Я остановился перед сверкающими дверями салона красоты, потоптался немного, дёрнул дверь на себя, прочёл надпись «от себя», толкнул дверь и оказался внутри.

Повсюду царили роскошь и благоухание. Стены мерцали цветом тусклого серебра, в зеркалах, обрамленных золочёной резьбой, проплывали таинственные отражения, хрустальные люстры струили приглушенный таинственный свет. По этому чертогу порхали кокетливые нимфы в белом. За стойкой портье, больше похожей на колесницу царицы Нефертити, горделиво стояла девушка безупречных форм и размеров, качественно выкрашенная под платиновую блондинку. Девушка взглянула на меня с царственной иронией, не лишённой, однако, некоторой благосклонности.

– Я вас слушаю, молодой человек, – молвила Нефертити со своей колесницы.

– Я… э-э-э… у вас солярий есть? – просипел я.

– Вертикальный, горизонтальный, с орошением ароматическими маслами, – донеслось с колесницы.

– А чем отличается эээ… вертикальный от горизонтального?

– В вертикальном вы стоите и можете свободно двигаться, а в горизонтальном – лежите, и в точках соприкосновения тела с лампами загар может лечь неровно.
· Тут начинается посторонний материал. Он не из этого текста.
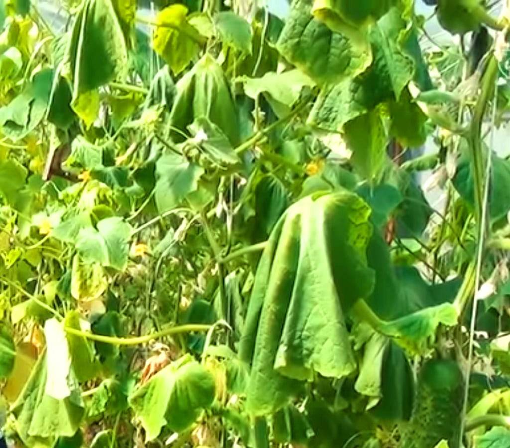 Как видно на фотографиях, при этой болезни огурцов на пораженных растениях развиваются морщинистые, редуцированные листья, количество женских цветков и плодов уменьшается: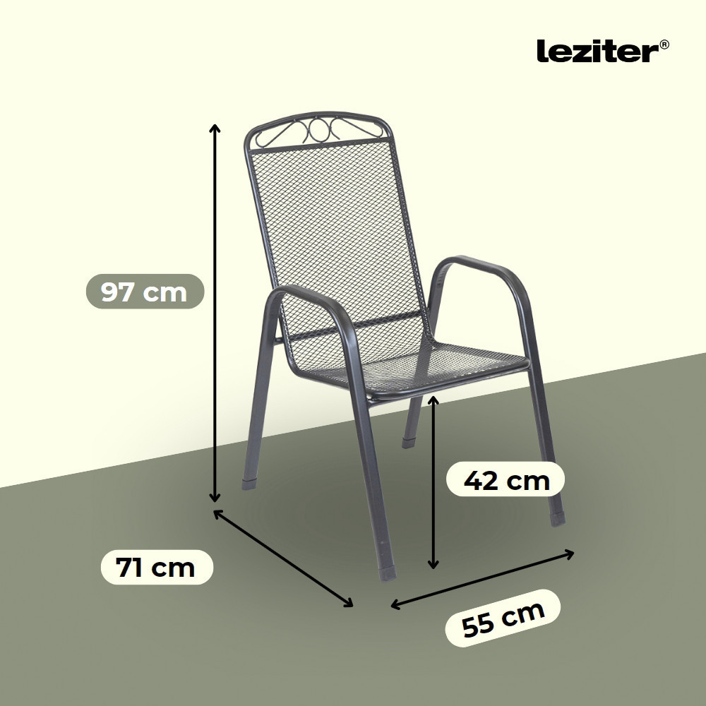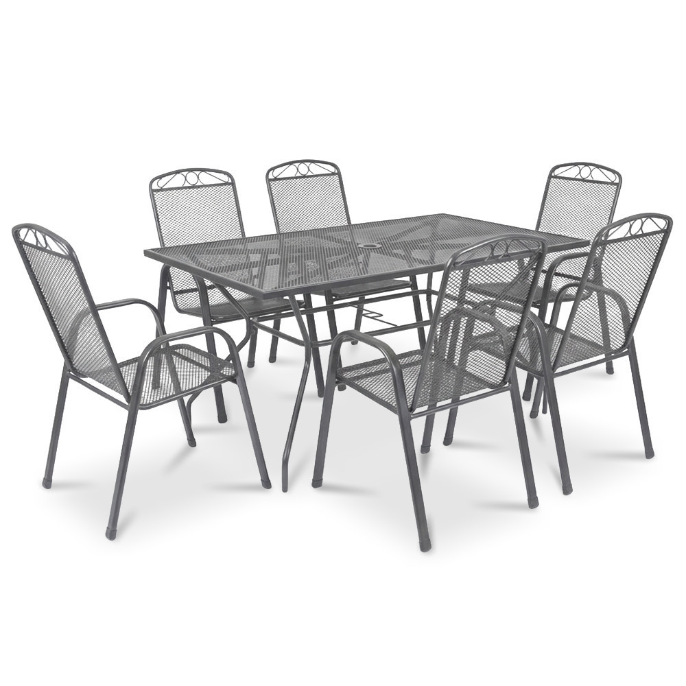 Az Alfi 6+1 kerti bútor garnitúra szett antracit színben egy nagyméretű Melfi téglalap alakú kerti asztalt és 6 db Alba összecsukható kerti széket tartalmaz, stabil acél szerkezetével, korrózióálló és porszórt felületkezelésével, valamint modern hálós kialakításával praktikus és stílusos megoldást kínál kültéri étkezésekhez kertben, teraszon vagy erkélyen.

Например, на ягодицах.

Последнее слово Нефертити произнесла с явным удовольствием. Внутри меня всё перевернулось. Я покраснел, представил себе упругий зад этой крашеной царственной особы, покраснел ещё больше, потупился, увидел отпечатки моих кед на сверкающем полу и смутился окончательно.

Взяв себя в руки, я поднял глаза. Мне в лоб смотрели два полушария цвета кофе с молоком. Полушария едва не выкатывались из кружевных чашек бюстгальтера, натягивающего белую рубашку. Видимо, Нефертити расстегнула лишнюю пуговку, пока я пялился себе под ноги. Египетская царица издевалась над смущённым неофитом.
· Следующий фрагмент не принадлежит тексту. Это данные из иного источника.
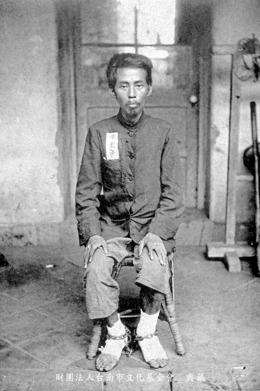 出自大正5年所發行的《台灣南部匪徒討伐警察隊記念》。 遭討伐警察隊逮捕的抗日首腦余清芳,攝於礁吧哖支廳前。 胸前之名牌與腳鐐清楚說明日人視其為匪徒的身分認定。 這位領導台灣最大樁抗日事件的首腦,僅經一審判決,即在判刑後兩天處死。以下則是台灣總督府關於「余清芳事件」將其絞死的報告檔案:「臨法發第七十三號『執行死刑報告書』大正年九月廿三日在台南監獄,依照成規執行完訖。謹此呈報台南廳長治二圖里後鄉庄 551號,米商余清芳37歲,別號:余先生、余春清、余滄浪、余清風、徐清風」。 該照片是余清芳於民國4年(大正4年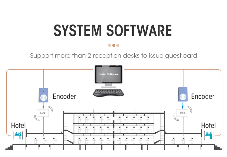 11. Hotel locking system includes: hotel locking software, encoder, RF card, energy saving switch, data collector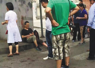 目击者提供的照片显示,这名伤者手捂腹部,身上都是血。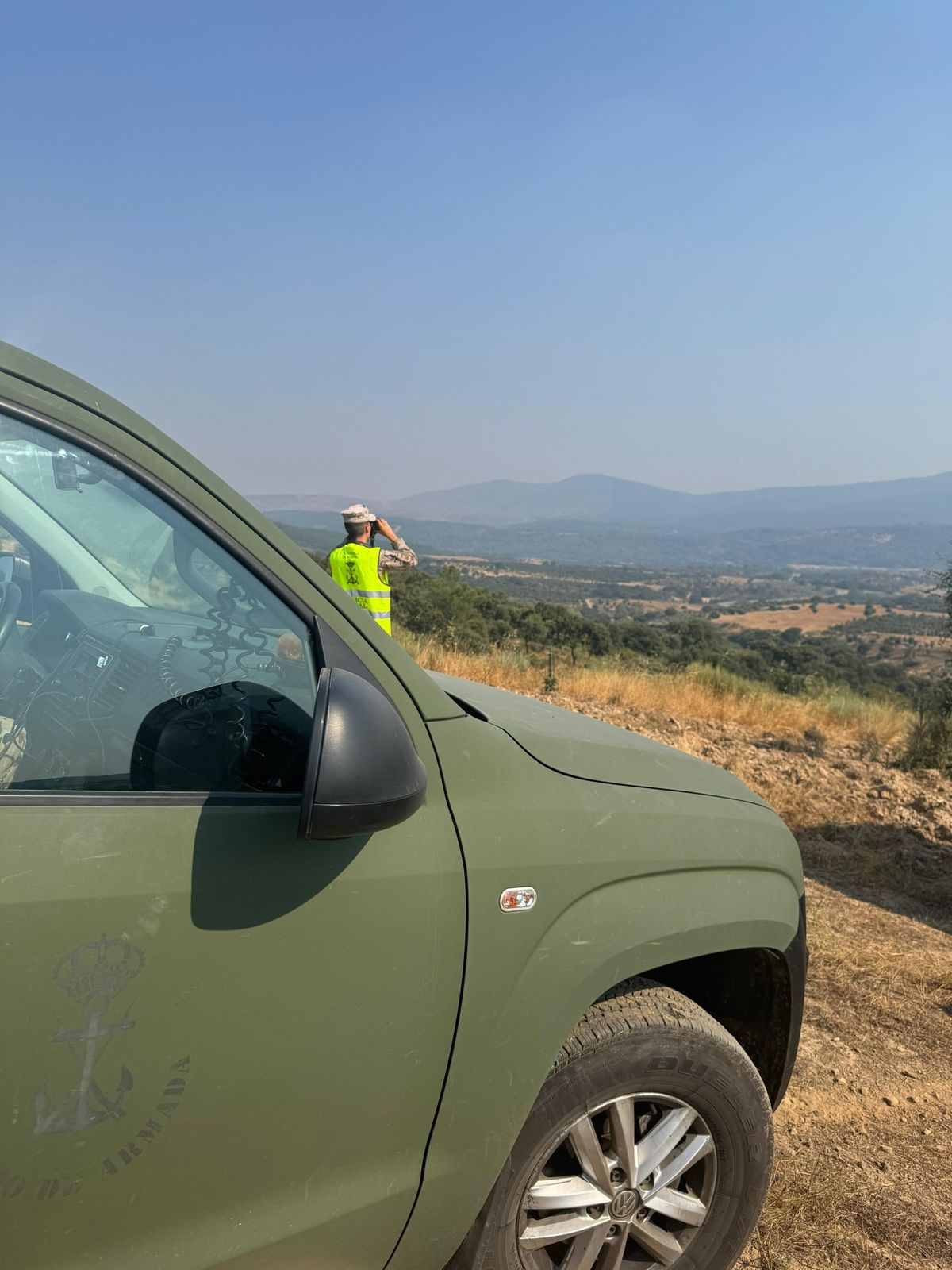 El despliegue se extiende a las provincias vecinas. En Ávila, otra parte del subgrupo táctico se encuentra en la zona del Valle del Tietar, realizando labores de vigilancia desde observatorios en puntos dominantes en apoyo al Batallón de Intervención en Emergencias V (BIEM V) de la UME.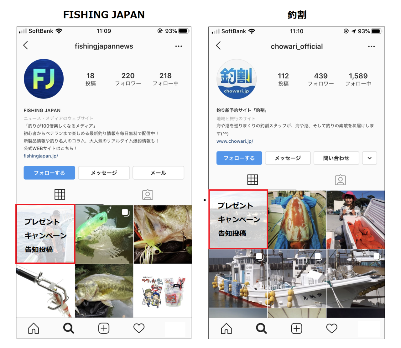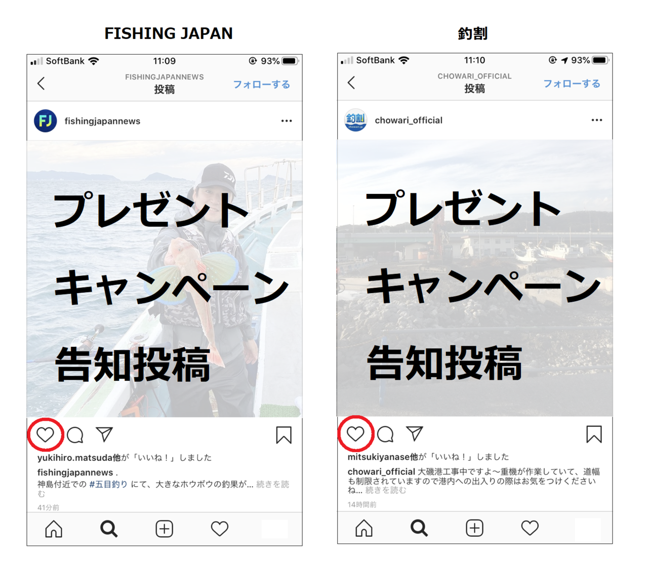 FISHING JAPANの公式Instagramからのご応募と釣割の公式Instagramからご応募いただくのとでは、プレゼント賞品が異なりますので、以下ご注意ください!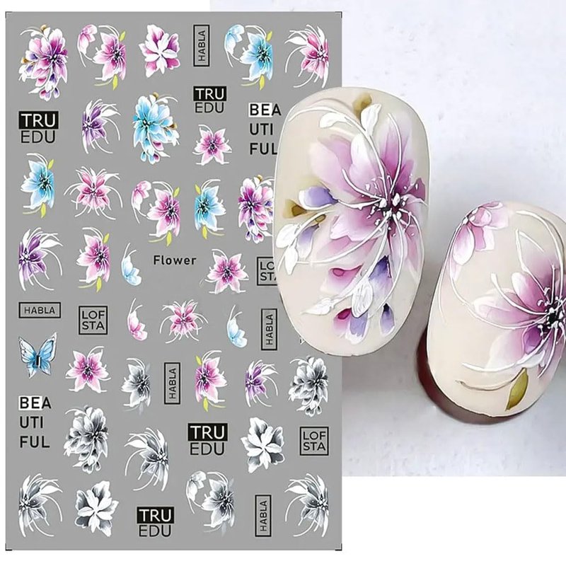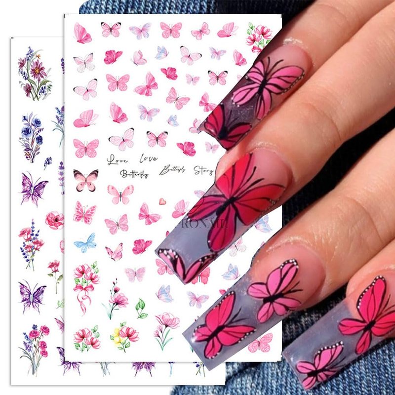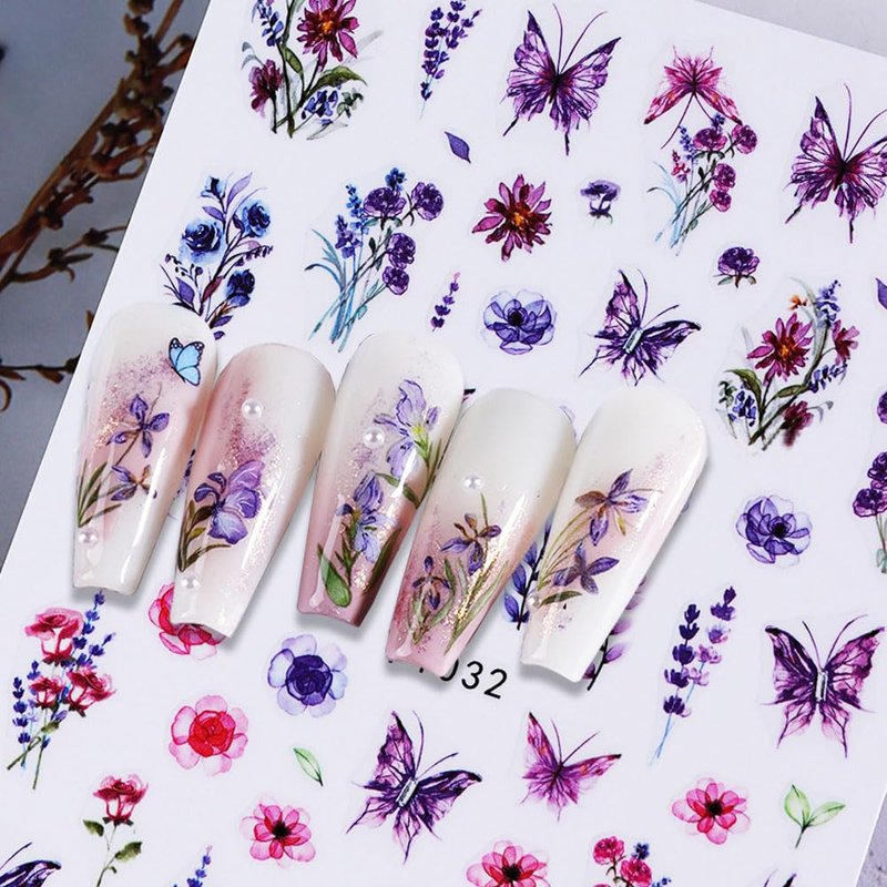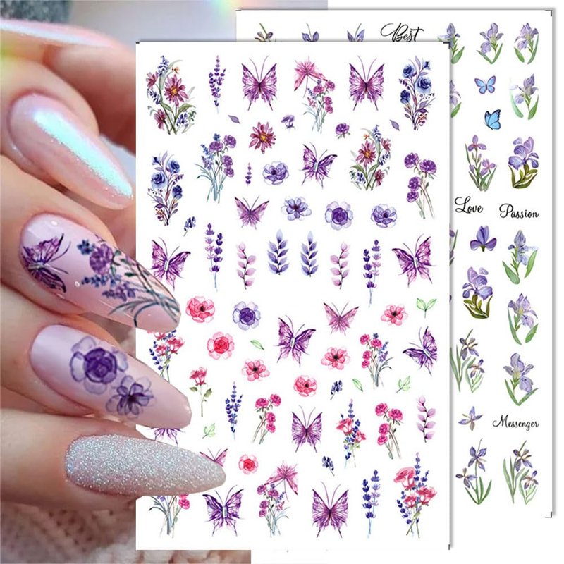 - 8pcs 3D Flower Nail Stickers Colorful Butterfly Nail Art Stickers Floral Nail Decals for Nail Art Supplies Cherry Blossom Nail Sticker Tulip Lavender Spring Nails Stickers Flower Stickers for Nails

Я огляделся как-то дико, грохнул о стойку ладонью с пятисотрублевой бумажкой и рявкнул:

– На все!

– На все получится двадцать минут, вы пережаритесь, – насмешливо пропела царица.

– Не пережарюсь.

– Вам будет плохо.

«Что настоящему мужику двадцать минут солярия!» – подумал я, лихо развернулся и пошёл.

– Я же вам не сказала, куда идти, – молвила Нефертити. – Вон в ту дверь.
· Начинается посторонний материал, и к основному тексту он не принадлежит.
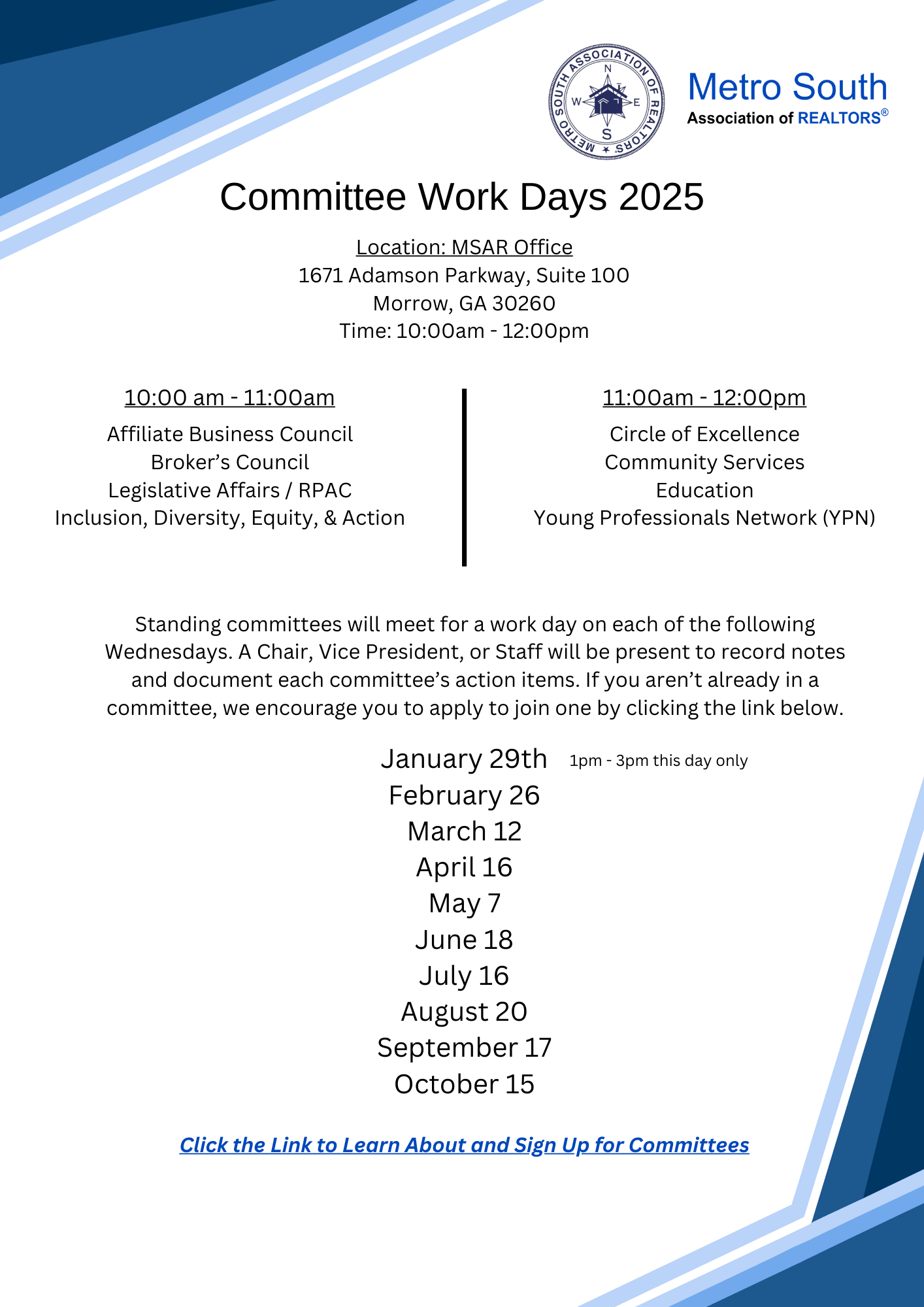 10:00am - 11:00am: Affiliate Business Council Broker's Council Legislative Affairs / RPAC Inclusion, Diversity, Equity, & Action 11:00am - 12:00pm: Circle of Excellence Community Services Education Young Professionals Network (YPN)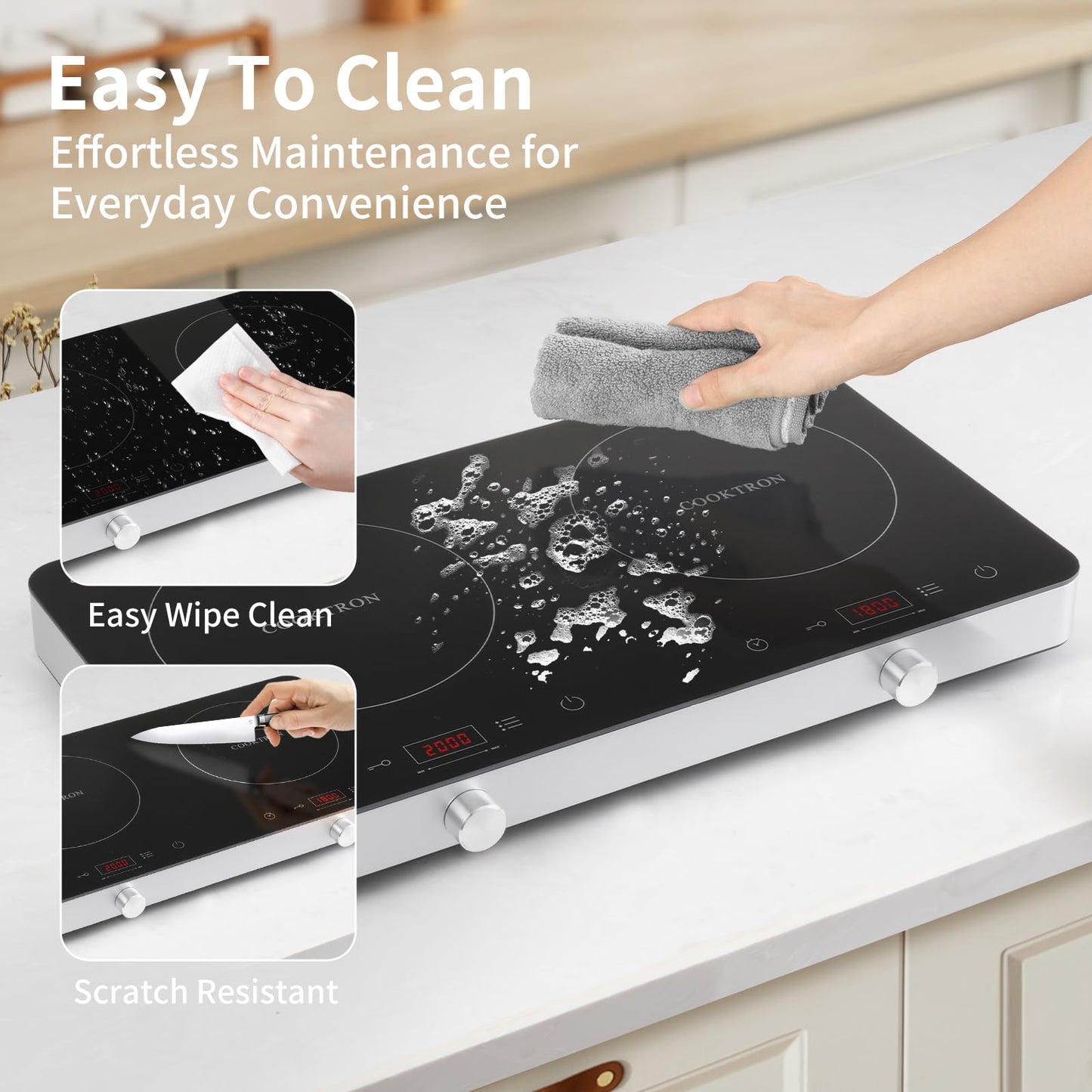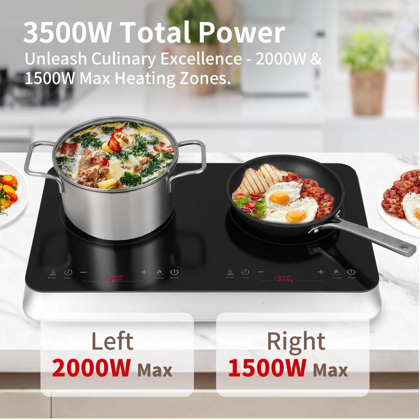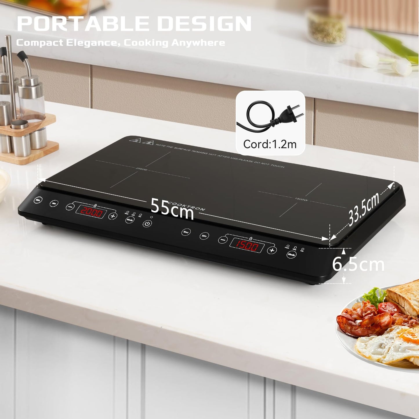 COOKTRON Induktionskochfeld 2 Platten Mobil, 3500W Doppel-Induktionskochplatte mit 6 Leistungsstufen, 10 Temperaturstufen, 3-Stunden-Timer, Touch-Steuerung, Ideal für Camping und Küche, Schwarz

Я двинулся в указанную сторону.

– Крем взять не желаете? – донеслось с колесницы.

– Давайте, – измученно ответил я.

– Будьте добры двести рублей.

– Так я же вам уже все отдал.

– А… у вас больше нет денег, извините…

«А…» Нефертити произнесла как восклицание после изнуряющих минут любви, «…у вас больше нет денег» – как благодарность любовнику, а «извините» прозвучало прощанием с нежным юношей, которого она только что высосала до последней капли.

В голове у меня помутилось. На подгибающихся ногах я доплёлся до двери и, оставшись один, бросился стаскивать с себя одежду. Неожиданно в дверь постучали.

– Забыла вам объяснить, как включить солярий, – донёсся из-за двери знакомый голос.

Я, чертыхаясь, натянул трусы на оттопырившуюся плоть, прикрылся свитером и отпер замок. Нефертити переступила через мои скомканные джинсы и подошла к прибору.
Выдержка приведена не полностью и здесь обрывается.